Life is back to busy now that the pandemic has lessened, and even then, life was still demanding.
This blog will discuss how to handle the schedules of “divorced families” and still have a balance in your life.
I remember speaking to a few of my divorced friends pre my situation. How do you balance it all? How can you be single, with kids, and still have a life of your own? A: You can; however, you must stick to your schedules for your sanity and kids’ sanity.
Becoming a single parent is one of the most challenging tasks one can take on, even if you have a good relationship with your ex. Decisions still must be made in the kids' best interest, their new life must be transitioned carefully, and you need to try and organize it all. Are you ready?
Thus, the schedules come into play, and so many combinations exist. When I asked my divorce lawyer, he said, “I have been practicing for over 30 years, and I have seen everything.”
What to consider:
1) How many kids do you have, and what are their ages?
2) Does everyone attend the same school if you have more than one?
3) Does each of them play sports?
4) Do they need transportation during times you are working?
5) What would be a good balance for you and your ex?
6) How can you work together not to make a chaotic schedule?
7) Can you back each other up?
8) Do you have an ex that is out of the picture? Are you the only one? In this case, can you hire some support or have friends and family that can jump in?
9) What is best for the kids?
There are many options to consider that help with custody boundaries (yours and the kid's).
Sample schedules are as follows:
· A week on Week off
· 2-2-3 2 days on, two days off, every other weekend
· Wednesdays and every other weekend (this was my schedule growing up in a divorced family, and I wouldn't say I liked it)
· What are your “weekends”? Thursday – Sunday a.m. / switch
o Friday, Saturday, Sunday
· What does your divorce decree say?
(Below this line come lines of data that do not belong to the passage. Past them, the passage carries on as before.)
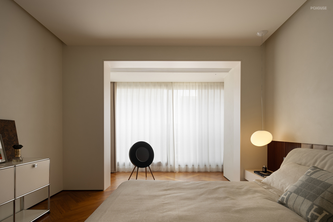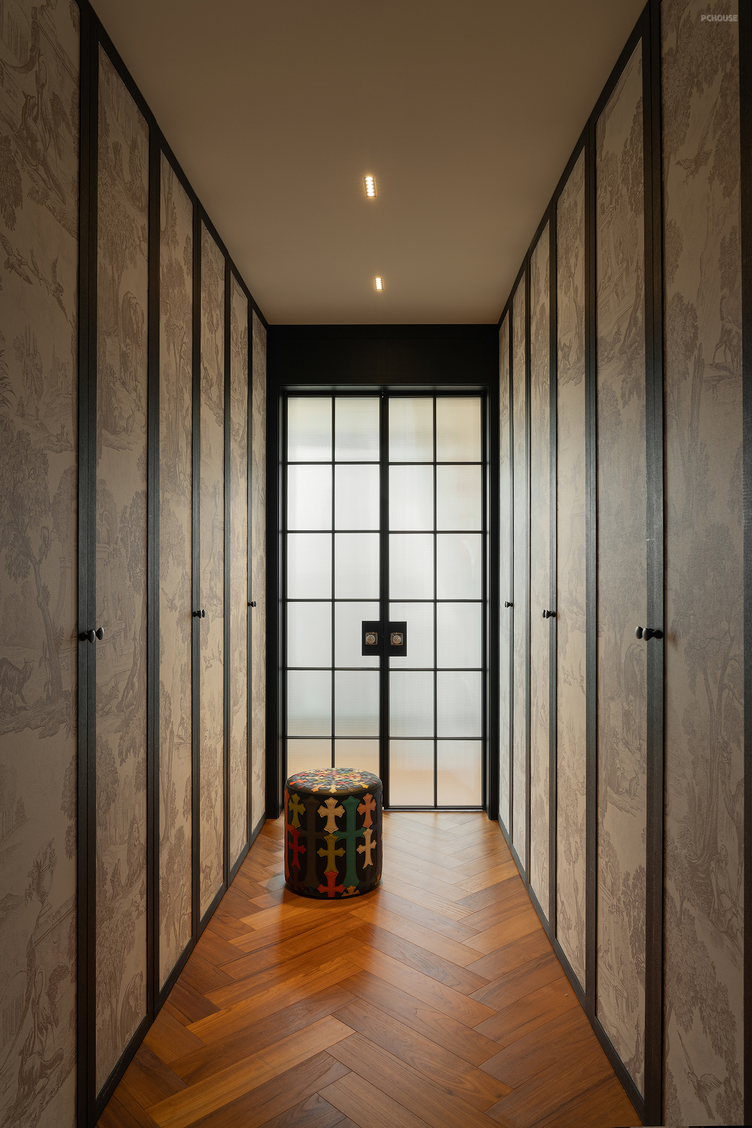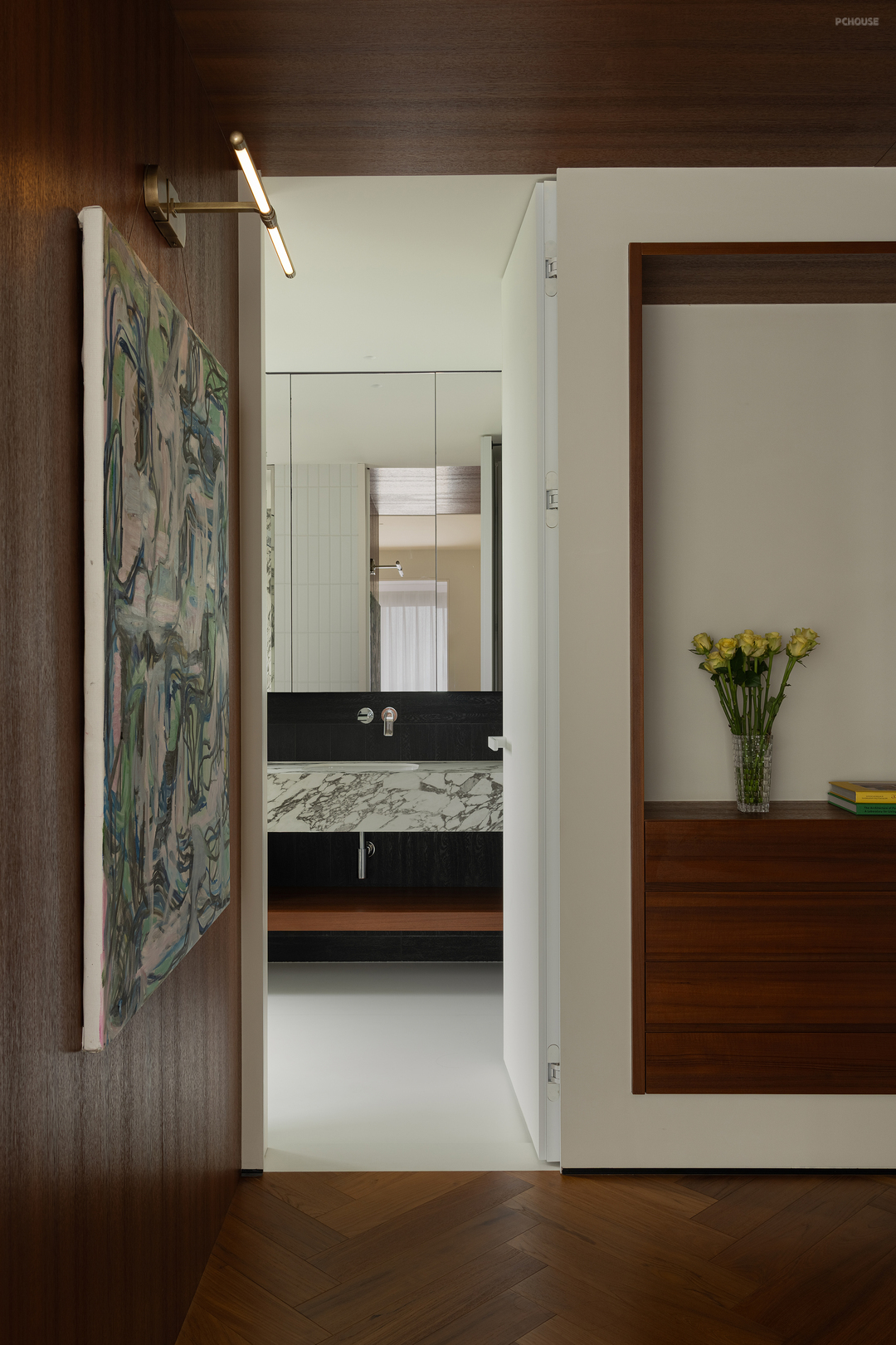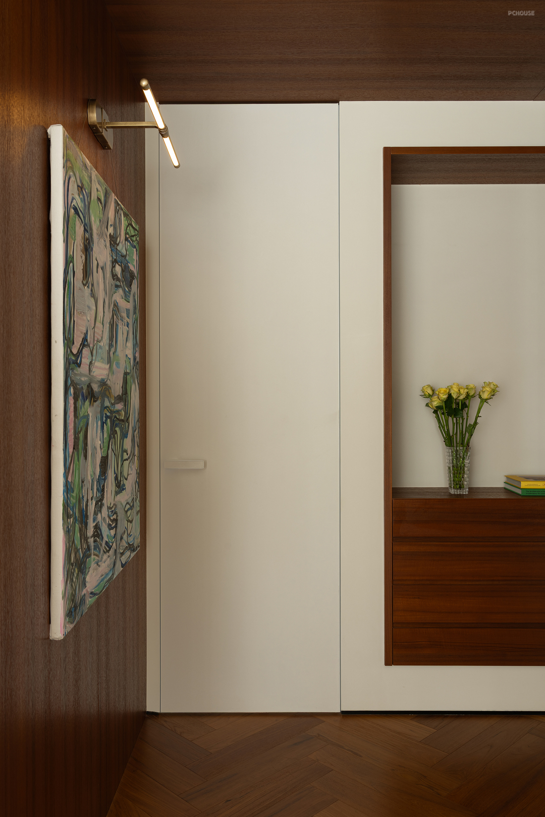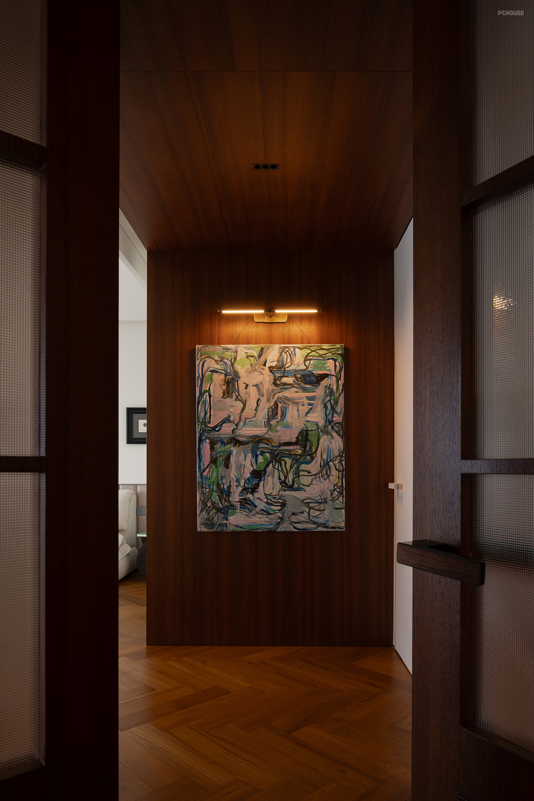 双开门主卧入口,木质元素延续中古,法式风格的艺术画作点缀,睡前的静谧、晨起的舒展,都在这融合风格里被温柔承接。
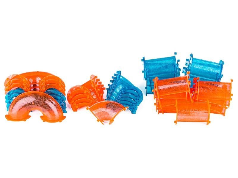 Zestaw składa się z wielu kolorowych części i pozwala na budowanie toru dla kulek o dowolnym układzie.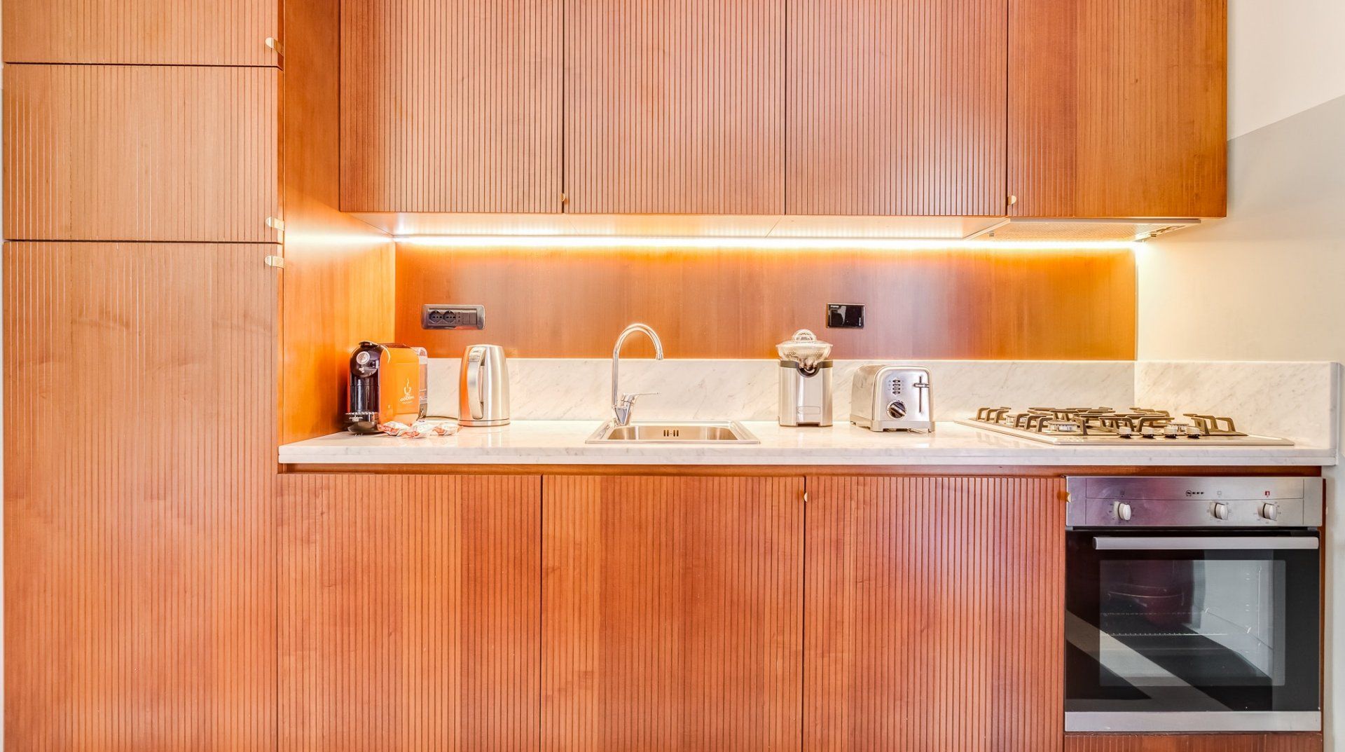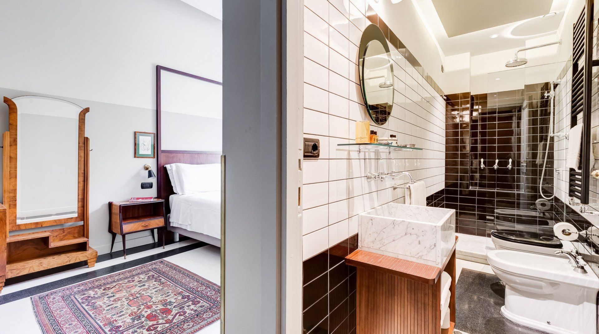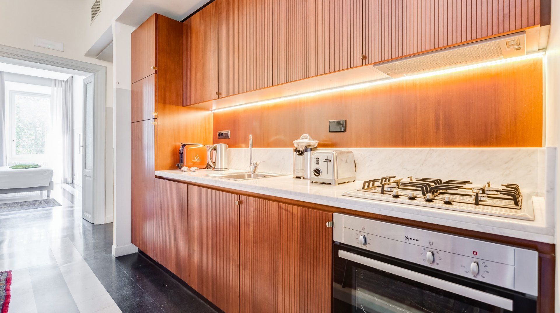Get a taste for Rome circa 1954 in this old-school apartment. Black and white tile, red leather chairs, mahogany bureaus and vintage prints all play into Vintage Taupe's subtle retro-vintage vibes. Though you might not have panoramic views of the city from here, you'll be primely located in Prati, one of Rome's most fashionable neighbourhoods and modern epicentres.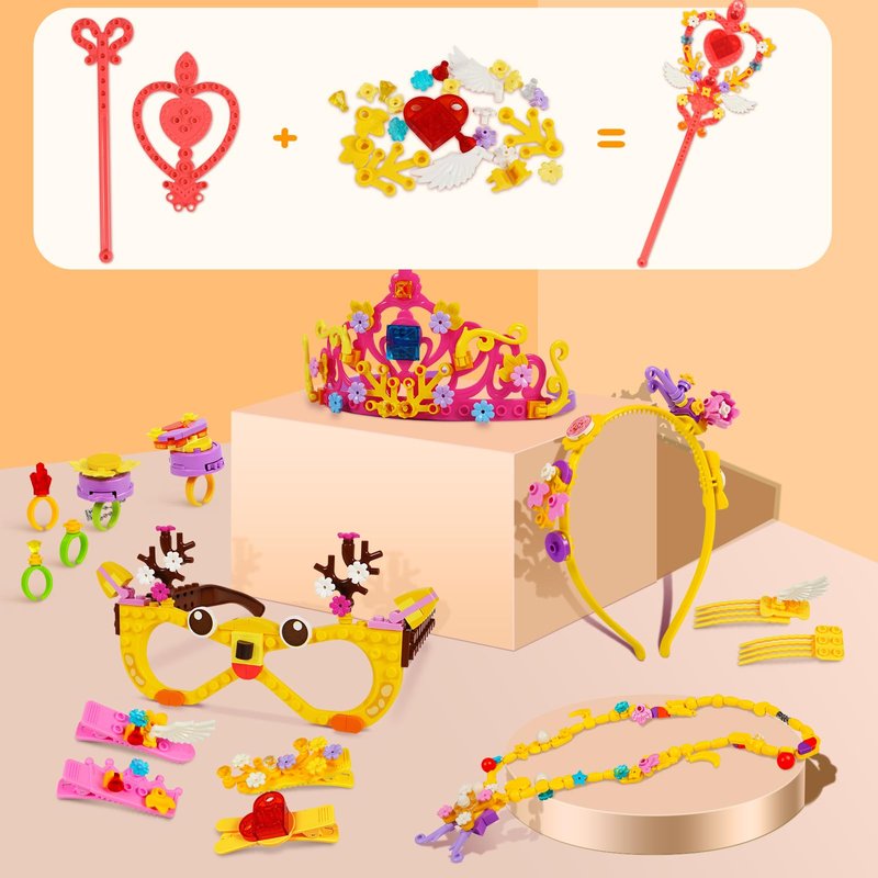 Building Jewelry Craft Toys for Girls DIY Making Kit Princess Building blocks Stem Educational Toys Dress Up Girl Toys for 5 6 7 8 9 Year Old 6-8 8-10 Birthday Gift Idea Party Favor Crown Wand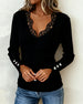 SPECIFICATIONS Top Type: Tops Style: Casual Material: Cotton Blends,Lace Occasion: Daily Neckline: V neck_V Pattern Type: Solid Color Sleeve Type: Regular sleeve Sleeve Length: Long Sleeve Fit Type: Regular Season: Fall,Winter Package Includes: 1 x Top SIZE TABLE Size Bust Length CM INCH CM INCH S 92 36.22 65 25.59 M 96 37.8 66.5 26...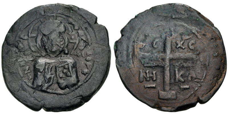 Obv: ​Bust of Christ facing, wearing nimbus cruciger, pallium and colobium; in field to left and right, ıc—xc.

Is it flexible?
There are excellent examples of joint custody on CustodyXchange. See one option below:
A 2-2-5-5 arrangement means that one parent gets two days with the kids, the other gets the next two days with the kids, the first parent gets five days with the kids, and the other gets the next five days with the kids. This is a two-week repeating cycle. It looks like this in the calendar:
Do what is best for the family and be flexible if possible.